In 2003 four bands released four albums. They are some of the first records to enter my collection and are the 4 greatest influences on my musical preferences and appreciations. These four bands and their respective albums all share equal amounts of similarities and differences, all are equally contrasting and complimentary. They all retain the qualities that I crave whatever I listen to, but they all express these in very different ways. My hugely eclectic taste in music can be narrowed down and defined between these four albums alone, they form the basis for everything I appreciate about the rest of the music I listen to.

The Yeah Yeah Yeahs then, are the first of the four bands, Fever To Tell the record they released.
I love this record in particular, because, to myself at least, the music sounds like how the cover art looks. It is a pop art/pop music masterpiece, being both controlled chaos and distorted harmony. This contrast I think, is wonderfully summed up between the first few tracks. Rich, the opener eases you in with its sugary sweet, mega catchy riffs that get stuck in your head and rest there so easily, so pleasantly. Then all of a sudden your are hit with the slightly awkward, grinding distortion of Date With The Night. It shouts and screams and breaks through your concentration, grabs hold of your attention and keeps tight hold until it’s done with you.
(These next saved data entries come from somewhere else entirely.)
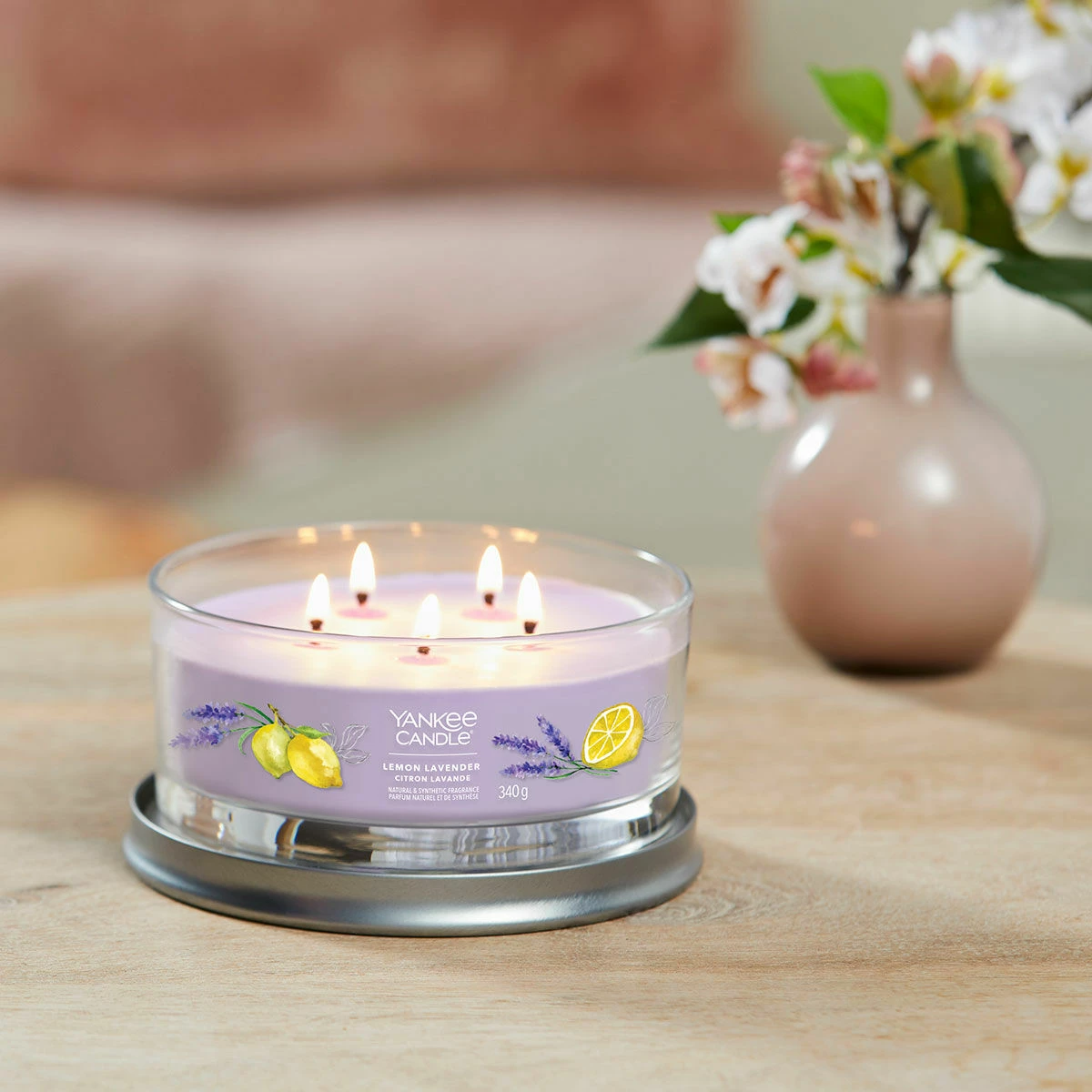 The wonderful fragrance of Lemon Lavender from Yankee Candle has a familiar and comforting feeling of floral freshness. The sleek glass vessel of this Signature Multi-Wick Tumbler candle compliments the fragrance and will look wonderful on your coffee table or mantlepiece. The candle comes with a silver metal lid that doubles as a stand to sit your candle on to protect your surfaces.
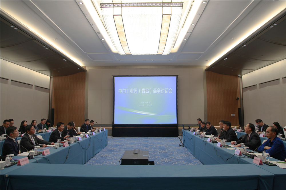 2018年11月14日上午,中白工業(yè)園(青島)商務(wù)對話會在青島國際會議中心舉行。此次會議由青島市商務(wù)局主辦,青島市商務(wù)局局長馬衛(wèi)剛,中白工業(yè)園區(qū)開發(fā)公司CEO胡政等領(lǐng)導(dǎo)及青島各區(qū)市商務(wù)主管部門、上海合作組織實業(yè)委員會企業(yè)的60余人參會。
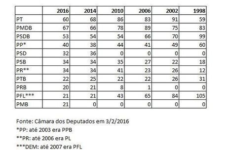 Ao longo dos quase vinte anos que separam 1998 a 2016, outros partidos também tiveram quedas importantes nas suas bancadas. No segundo mandato do tucano FHC era natural que o seu partido fosse uma das maiores bancadas, em 1998, com 99 deputados. Hoje o PSDB conta com 53 deputados no exercício do mandato. O partido só era superado em 1998 pelo aliado PFL (hoje DEM), que tinha 105 cadeiras em 1998 e hoje é a nona maior bancada, empatada com o PMB.

And so the record goes on, beautiful hooking riffs on fuzzy squealing guitars, machine gun drumming and screeching banshee vocals.
This is one of the best pop records I own, when I first got it I couldn’t listen to anything else for weeks. Every track in some way sounds the same, but different. As you listen to it, it constantly moves you about. Full of chops and changes there is not a dull moment, not a single chance to get bored.
The second record, Show Your Bones (apparently written about a cat…) and the third, It’s Blitz! are stylistically quite different to how they started out. With acoustic guitars, keyboards, softer singing, slicker production and even bass being added to the mix. But the YYYs songs are all written the same way and all do the same thing. Listening to this band is a bit like eating cake. It’s so easy to do and so instantly satisfying and moreish. That’s What good pop music is.
The Yeah Yeah Yeahs effortlessly continue to produce some of my favourite pop melodies and their songs carry on sinking their hooks into my brain. And their approach to music has greatly influenced my own.

Here is a song I love!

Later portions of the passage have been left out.